Steelmaker Posco prepares to take over Thailand's largest stainless steel maker, Thainox Stainless Plc

Construction News

The South Korean steelmaker Posco Ltd is preparing to purchase additional shares in Thailand’s largest stainless steel maker, Thainox Stainless Plc (INOX) and to make a tender offer for all remaining shares.

The shares would be acquired from the family of Prayudh Mahagitsiri, a key financial supporter of the now-defunct Thai Rak Thai party allied with Thaksin Shinawatra, in a deal that has been under discussion for two years.

Mr Prayudh and his siblings Suvimol, Ausanee, Chalermchai and Ausana Mahagitsiri have entered into an agreement to sell shares to Posco at 2.20 baht each, Thainox said in a statement to the Stock Exchange of Thailand.

In a statement yesterday to the Korea Exchange, Posco said it aimed to buy as many as 6.6 billion Thainox shares, depending on the response to the open offer that would start in September and close the following month.

INOX shares closed yesterday on the SET at 2.08 baht, up 9.47%, in trade worth 612.5 million baht. The shares have risen by 41.5% from 1.47 baht since the end of last week in heavy turnover on speculation about a deal.

Thainox’s book value as of March 2011 was estimated at 1.52 baht a share.

”Southeast Asia is one of the promising markets for stainless steel products as it is crowded with Japanese automakers,” said Chung Sung Yop, an analyst at Daiwa Securities Capital Markets in Seoul. ”The purchase will help Posco boost its edge there.”

Thainox has a production capacity of 200,000 tonnes a year.

Currently, Posco holds 15.39% of the shares of Thainox.

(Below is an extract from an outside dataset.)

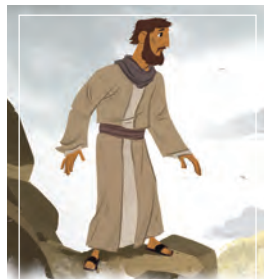
Jesus' Temptation Matthew 4; Mark 1; Luke 4

Listed on the Korea Stock Exchange (KSE), it is the largest steel manufacturer in South Korea.

The Mahagitsiri family holds 57% of Thainox but the amount of shares they will sell was still being decided, said managing director Jitender P. Verma.

He said that Posco would not proceed with the deal unless at least 51% of the shares in the company were tendered in a voluntary tender offer.

Mr Verma added that the company would have to divest some of its non-productive assets such as a nearly completed golf course in Nakhon Ratchasima and an office building under construction on Rama IV Road. These assets would be considered illegal businesses as the company would be majority owned by foreigners, who cannot hold non-productive land or assets.

The Mahagitsiri family had won approval from shareholders earlier to allow foreigners to take a majority stake in the company. The deal that has been in the making since 2009 but negotiations were put on hold amid the political upheavals in Thailand last year.

Mr Verma said Thainox would hold a board meeting on July 21 to consider the Posco deal and also the disposition of non-productive assets.

Thainox reported a consolidated net profit in the first quarter of 72.63 million baht, compared with 157.63 million in the same period last year. Its net profit last year was 643 million baht, a 59% increase from a year earlier.

The Mahagitsiri family gained control of the steelmaker in 2004 after buying a 96% stake from Arcelor SA.